Somewhere in the three hundred-odd pages of Ranjan Kaul’s Through The Forest, Darkly lies a novella of half its length and twice its appeal. That book, I imagine, would be a precise, ethically complex account of some of the political extremes currently shaping India, taking a young man out of his well-to-do Delhi comfort zone into the hinterlands of Maoist occupation – and the reader with him. This book, on the other hand, is a prolonged, mostly monotonous telling of that journey, pedantically detoured and ultimately unimpressive. Aseem, a recent graduate trying to find a sense of direction, chances on the idealistic Swati, who teaches at slums and rejects her parents’ Communist allegiances as not being radical enough. Bored with urban ennui and not realising the hypocrisy of having met her in the first place at a socialite gathering, he becomes politically active – thus condemning himself to repeat the failures of his father Avinash, a former Naxalite.

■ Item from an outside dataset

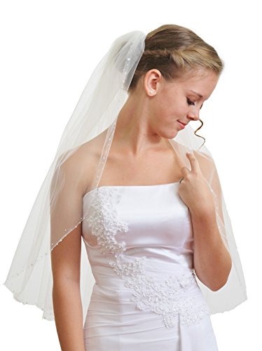 SparklyCrystal Women's Wedding Veil 1 T Cut Edge Elbow Length VE7B2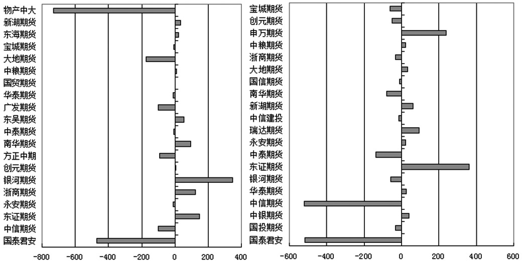空头前20席位中,减持空单的有11家。其中,减持空单数量超过500手的有2家,分别为国泰君安期货席位和中信期货席位,分别大幅减少516手和519手。另外,减持空单数量介于100手至500手之间的有1家,为中泰期货席位,减少139手。剩余8家均减持不足100手。

The novel opens with a short, captivating prologue describing two funerals, but recedes as soon as the first chapter begins into a prosaic and sometimes grating style. There’s a vexing schizophrenia to the narrative: portions set within the forests of Bastar carry a genuine lyricism, while everything else is written with a marked lack of craft. By the time a corporate mission that turns mutinous sends Aseem into the forest, the setting that inspires Kaul’s better passages, we have meandered through too many pages of stilted, adverb-qualified dialogue, redundant scene selection and lines like “No one in the car was interested as the driver proceeded to unravel the silk from the cocoon of his knowledge about caterpillars” and “’Fine, give my love to Aseem,’ said Menaka, and went back to the epicurean world of cocoa”.

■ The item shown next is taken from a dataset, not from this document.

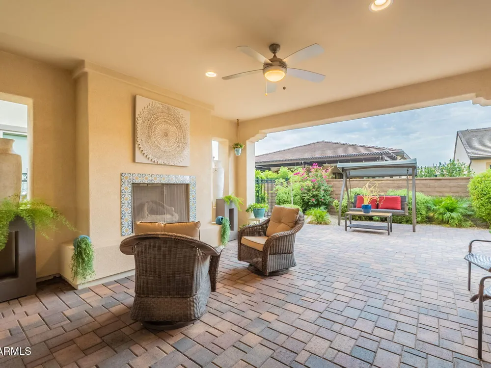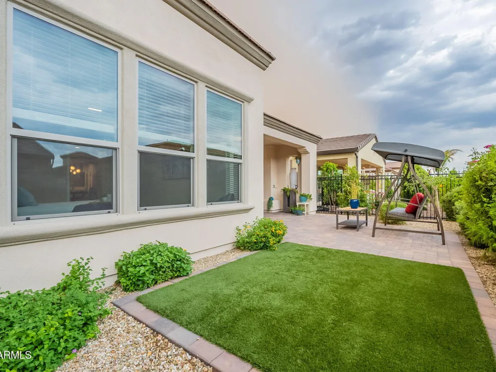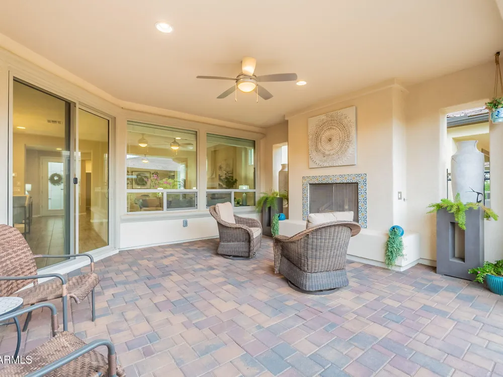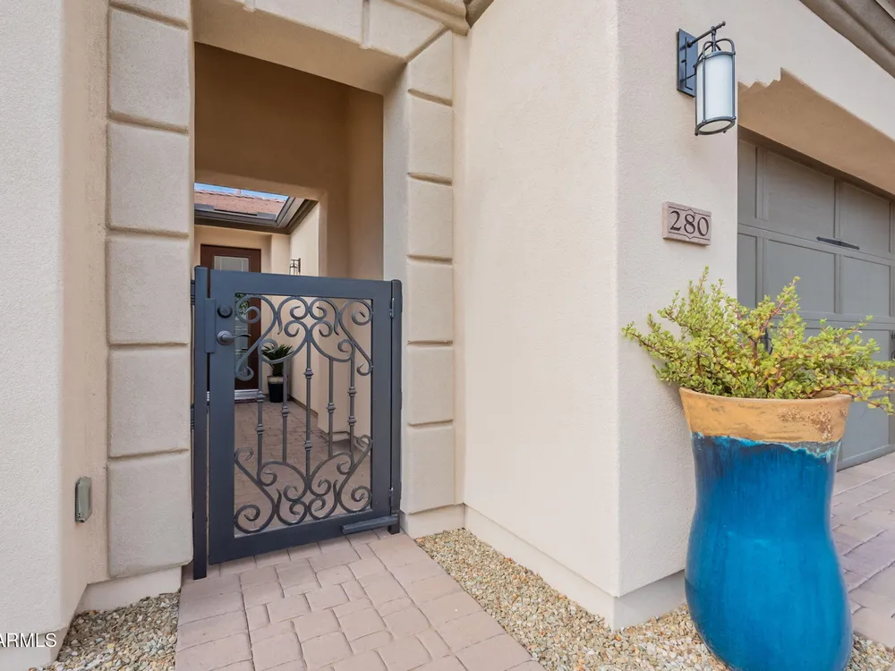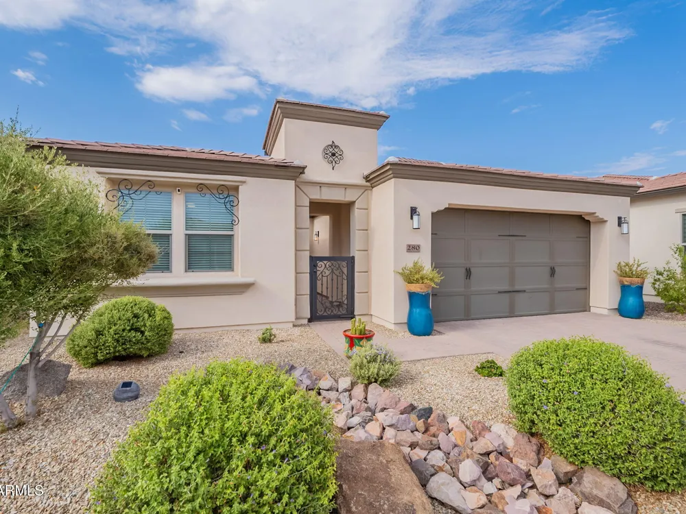 This stunning Cannes model is loaded with upgrades and designer touches throughout! From the moment you arrive, the custom front entry gate, spacious porch, and gorgeous Entry Brite front door make a striking first impression. Step inside this light and bright 2 BR + den home featuring an open kitchen with quartz counters, pendant lighting over the large island, custom soft-close drawers and pull-outs, plus upgraded lighting. The second bath is fully tiled, and the home offers ceiling fans, laundry sink in the smart space, and epoxy garage flooring with built-in cabinets. Outdoors, enjoy a private backyard with an extended fenced yard along with a covered patio featuring a tile-enhanced fireplace—perfect for entertaining! Encanterra Country Club offers 2 restaurants, multiple pools, championship golf, and countless activities. Luxury meets relaxation, welcome to The Good Life!

The caricaturish Menaka, Aseem’s insipid and opportunistic aunt, is the source of most of the novel’s troubles – not because of how she contrives certain events of the plot itself, but because of the author’s evident lack of facility in rendering her in a manner that is either fully-fledged or at least relevant. A disproportionate amount of attention is paid to her tangential conversations and fixations, and one gets the sense that Menaka is Kaul’s real obsession, his muse if you will, but one with whom he grapples with little reward. The motivations of other characters – supposedly less facile than this one – are not given this sort of attention. Thus we don’t understand why Sri Sri Narayanaji, the godman whom Aseem’s uncle Aroon is repackaging for the world, agrees to go along with the commercialization of his image. We don’t understand why Aseem’s mother Ritika tolerates her sister’s manipulations, or even what drives Swati, whose do-gooder actions clash with her belief that the adivasis are naïve and incapable of compound thought. We aren’t presented, in any insightful way, the extent of ideological and ethical conflicts at the novel’s heart, or the complex relationship between adivasis and the “civilized” world, with its contrary forces of Maoism and capitalism. We do, however, get an exasperating amount of detail about Menaka’s toilette, libido and moods – as well as her dog’s.

Still, Kaul’s portrayal of everyday life in the forests of Chhattisgarh is a vivid and convincing one. This is where the novel’s entire potential can be found, and one wishes that Aseem, and the novel, had found their way into it sooner and with less petty distraction. Through the Forest, Darkly mirrors, in its failure, the activism of some of its protagonists: what counts is the commitment to be immersed in the nucleus of the situation, regardless of whether or where else action has flared. All else is peripheral.

An edited version appeared in today’s The New Sunday Express.